On August 27, several black high school girls demanded change. The change they wanted to see wasn’t extremely radical change. Their fists weren’t directed at large institutions such as the government or universities. No, the change they wanted to see was just within the four walls of their place of learning, Pretoria High School for Girls.
These young women had had enough. They wanted to feel the safety that a school is supposed to provide. With their beautiful afros and melanin-filled skin, they wanted to wear their natural hairstyles without fear of being punished, and most importantly, not feel like blackness was inferior to whiteness in their predominantly white, former-Model C space.
When I matriculated from Roedean School, Johannesburg, in 2010, I felt extremely privileged and geared with tools for the real world that only the prestigious school could have given me. Sure, I had an accent that pretty much symbolised British colonialism and couldn’t speak my home language, Venda, but I was a Roedeanian, a product of the ‘Best School of All’.
Thereafter, I attended the University of Cape Town to complete my undergraduate degree and lived in a bubble of pure ignorance with my other private school friends, who were mostly white. I was accepted in this world as someone who wasn’t “really black”. The colour of my skin was sort of brushed aside when meeting new white people as soon as I opened my mouth, and I couldn’t help but feel proud of myself when they told me how well-spoken I was.
The day that the pupils from Pretoria High School for Girls marched, I felt uncomfortable. I couldn’t quite understand why I felt that way. These girls were fighting for the right to be themselves. What made me uncomfortable was that I hadn’t realised the issues behind hair policies when I was their age. I was, at the time, more than okay with relaxing my hair to fit the mould, and it wasn’t until I turned 21 that I shaved off my relaxed hair and grew a natural hairdo. It was more because my hair was irreparably damaged than because of the need to embrace my natural state. Last week, while reading stories on the pupils, I felt that my years of private schooling had robbed me of the ability to embrace my blackness.
I will forever be grateful to these young girls, many of whom are ten years my junior. For making me realise, at 23 years old, that I actually shouldn’t be wearing my “posh” accent like a proud badge. For allowing me to reflect deeply on the situation, and making me realise that this isn’t all about hair. It’s about the preferred identity that black girls are forced to embrace while at predominantly white schools, while their blackness is gradually diminished with silencing tactics or anti-black policies weaved into school codes of conduct. It’s about being proud of individual culture and heritage in a country that is colourfully painted with diversity and difference. It’s about being well-educated and not having to bury my blackness to be considered so. It really is about so much more than hair.

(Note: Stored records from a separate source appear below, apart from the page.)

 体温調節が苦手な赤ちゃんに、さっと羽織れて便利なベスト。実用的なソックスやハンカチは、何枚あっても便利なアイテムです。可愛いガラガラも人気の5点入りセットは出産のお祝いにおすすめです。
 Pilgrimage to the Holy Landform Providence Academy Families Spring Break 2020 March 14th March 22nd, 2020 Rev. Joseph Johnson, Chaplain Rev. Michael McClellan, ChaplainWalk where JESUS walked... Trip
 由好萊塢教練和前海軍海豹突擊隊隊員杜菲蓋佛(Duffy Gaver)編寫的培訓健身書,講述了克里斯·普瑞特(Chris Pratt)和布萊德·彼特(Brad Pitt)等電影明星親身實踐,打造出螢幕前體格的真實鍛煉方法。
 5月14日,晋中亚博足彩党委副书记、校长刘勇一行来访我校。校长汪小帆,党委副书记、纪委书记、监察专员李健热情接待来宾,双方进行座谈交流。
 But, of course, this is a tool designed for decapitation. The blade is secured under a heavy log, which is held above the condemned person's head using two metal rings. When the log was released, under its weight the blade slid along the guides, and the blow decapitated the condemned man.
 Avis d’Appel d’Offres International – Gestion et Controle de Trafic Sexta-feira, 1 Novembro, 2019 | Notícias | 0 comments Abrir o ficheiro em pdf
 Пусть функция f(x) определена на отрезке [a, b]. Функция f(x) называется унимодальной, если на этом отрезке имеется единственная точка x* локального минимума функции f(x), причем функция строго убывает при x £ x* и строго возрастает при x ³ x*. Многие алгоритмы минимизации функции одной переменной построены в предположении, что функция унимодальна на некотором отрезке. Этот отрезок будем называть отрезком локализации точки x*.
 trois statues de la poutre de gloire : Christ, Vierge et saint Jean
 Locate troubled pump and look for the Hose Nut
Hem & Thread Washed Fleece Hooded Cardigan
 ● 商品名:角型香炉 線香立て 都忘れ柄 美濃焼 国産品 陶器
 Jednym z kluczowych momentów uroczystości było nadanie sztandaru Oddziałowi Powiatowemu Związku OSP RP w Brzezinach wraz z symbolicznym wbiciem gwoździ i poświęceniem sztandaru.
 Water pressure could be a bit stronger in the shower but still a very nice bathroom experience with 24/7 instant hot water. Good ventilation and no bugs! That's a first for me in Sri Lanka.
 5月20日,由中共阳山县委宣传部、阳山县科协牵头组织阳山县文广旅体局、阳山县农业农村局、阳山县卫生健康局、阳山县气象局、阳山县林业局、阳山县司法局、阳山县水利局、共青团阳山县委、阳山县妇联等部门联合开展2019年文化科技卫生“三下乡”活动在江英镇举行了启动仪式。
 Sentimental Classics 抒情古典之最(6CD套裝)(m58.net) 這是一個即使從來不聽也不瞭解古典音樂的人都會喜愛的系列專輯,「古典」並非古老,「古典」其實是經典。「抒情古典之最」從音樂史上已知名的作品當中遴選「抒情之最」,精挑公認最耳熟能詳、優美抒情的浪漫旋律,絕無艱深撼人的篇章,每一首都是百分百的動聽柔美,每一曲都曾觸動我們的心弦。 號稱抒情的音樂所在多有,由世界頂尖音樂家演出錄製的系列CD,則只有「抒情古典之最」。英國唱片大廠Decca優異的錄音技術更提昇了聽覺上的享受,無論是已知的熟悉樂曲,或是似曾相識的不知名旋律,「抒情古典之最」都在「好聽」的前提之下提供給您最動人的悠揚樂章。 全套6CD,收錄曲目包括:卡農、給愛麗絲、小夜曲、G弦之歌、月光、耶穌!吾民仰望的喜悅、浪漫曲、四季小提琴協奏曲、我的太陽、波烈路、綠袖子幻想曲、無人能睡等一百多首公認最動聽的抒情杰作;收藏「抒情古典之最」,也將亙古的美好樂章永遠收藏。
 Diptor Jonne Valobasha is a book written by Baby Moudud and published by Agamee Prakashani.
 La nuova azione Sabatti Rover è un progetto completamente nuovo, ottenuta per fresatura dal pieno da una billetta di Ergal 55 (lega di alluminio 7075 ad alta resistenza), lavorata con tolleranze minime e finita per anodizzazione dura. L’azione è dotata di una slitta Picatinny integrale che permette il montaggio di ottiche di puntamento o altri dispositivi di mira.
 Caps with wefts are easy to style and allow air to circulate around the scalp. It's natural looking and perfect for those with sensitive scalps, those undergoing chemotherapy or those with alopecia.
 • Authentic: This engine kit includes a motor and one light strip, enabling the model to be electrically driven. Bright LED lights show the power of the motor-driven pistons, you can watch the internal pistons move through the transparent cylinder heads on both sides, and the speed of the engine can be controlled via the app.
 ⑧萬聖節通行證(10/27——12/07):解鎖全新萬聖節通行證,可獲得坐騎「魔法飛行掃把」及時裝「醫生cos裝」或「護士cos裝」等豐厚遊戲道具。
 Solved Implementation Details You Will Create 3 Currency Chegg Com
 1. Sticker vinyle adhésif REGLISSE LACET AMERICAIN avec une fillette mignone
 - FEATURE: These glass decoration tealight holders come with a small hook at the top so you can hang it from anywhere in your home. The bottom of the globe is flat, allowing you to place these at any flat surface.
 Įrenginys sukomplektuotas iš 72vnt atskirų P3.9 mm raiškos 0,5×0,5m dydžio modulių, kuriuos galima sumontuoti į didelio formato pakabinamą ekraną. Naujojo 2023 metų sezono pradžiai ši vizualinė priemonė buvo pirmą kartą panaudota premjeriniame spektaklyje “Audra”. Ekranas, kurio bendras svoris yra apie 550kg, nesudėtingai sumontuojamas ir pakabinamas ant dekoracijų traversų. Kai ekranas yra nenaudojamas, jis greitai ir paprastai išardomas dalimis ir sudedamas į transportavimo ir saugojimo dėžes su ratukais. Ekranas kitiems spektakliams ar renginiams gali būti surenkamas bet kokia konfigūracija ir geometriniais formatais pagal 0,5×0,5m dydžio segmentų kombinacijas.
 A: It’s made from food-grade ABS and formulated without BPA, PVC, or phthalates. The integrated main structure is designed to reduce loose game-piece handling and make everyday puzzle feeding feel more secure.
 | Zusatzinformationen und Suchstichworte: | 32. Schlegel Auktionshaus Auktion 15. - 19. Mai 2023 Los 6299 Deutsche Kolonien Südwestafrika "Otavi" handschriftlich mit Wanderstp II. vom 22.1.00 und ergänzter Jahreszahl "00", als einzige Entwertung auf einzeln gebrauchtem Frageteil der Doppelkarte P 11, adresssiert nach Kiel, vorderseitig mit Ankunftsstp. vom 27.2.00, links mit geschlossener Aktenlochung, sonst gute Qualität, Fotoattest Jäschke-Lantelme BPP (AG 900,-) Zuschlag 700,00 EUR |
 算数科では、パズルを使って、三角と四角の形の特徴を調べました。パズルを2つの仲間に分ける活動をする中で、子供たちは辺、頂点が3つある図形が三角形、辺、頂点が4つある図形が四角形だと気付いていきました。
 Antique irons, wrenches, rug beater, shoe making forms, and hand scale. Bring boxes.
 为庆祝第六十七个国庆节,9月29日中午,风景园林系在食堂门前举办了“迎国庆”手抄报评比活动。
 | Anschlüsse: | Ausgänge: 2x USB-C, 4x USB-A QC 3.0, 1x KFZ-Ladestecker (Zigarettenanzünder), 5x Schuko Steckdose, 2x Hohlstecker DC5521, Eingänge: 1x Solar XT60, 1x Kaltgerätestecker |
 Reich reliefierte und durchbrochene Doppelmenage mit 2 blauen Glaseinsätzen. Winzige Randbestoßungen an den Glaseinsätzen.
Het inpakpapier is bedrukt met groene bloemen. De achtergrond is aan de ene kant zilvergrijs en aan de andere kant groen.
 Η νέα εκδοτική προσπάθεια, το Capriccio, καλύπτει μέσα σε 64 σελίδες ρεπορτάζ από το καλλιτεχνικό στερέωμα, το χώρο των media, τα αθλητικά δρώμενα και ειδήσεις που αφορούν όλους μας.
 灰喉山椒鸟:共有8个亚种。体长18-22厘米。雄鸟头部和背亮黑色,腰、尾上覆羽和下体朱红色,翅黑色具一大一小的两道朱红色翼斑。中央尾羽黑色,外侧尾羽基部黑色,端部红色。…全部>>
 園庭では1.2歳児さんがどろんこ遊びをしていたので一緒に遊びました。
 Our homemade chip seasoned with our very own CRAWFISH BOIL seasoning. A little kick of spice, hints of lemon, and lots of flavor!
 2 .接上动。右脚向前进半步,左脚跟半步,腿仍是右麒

So now here I sit, older and wiser, yet confused about where I fit in. How I wish that my parents had politely said ‘no’ to the private school teacher who told them to speak more English to me at home when I was five years old without feeling like my place at the school would be forfeited along with their refusal. I think about how my life could have been greatly different and fuller of self-love. But I am ready and excited for the change to come, and for more black people, young and old, to stand up for the right to be themselves.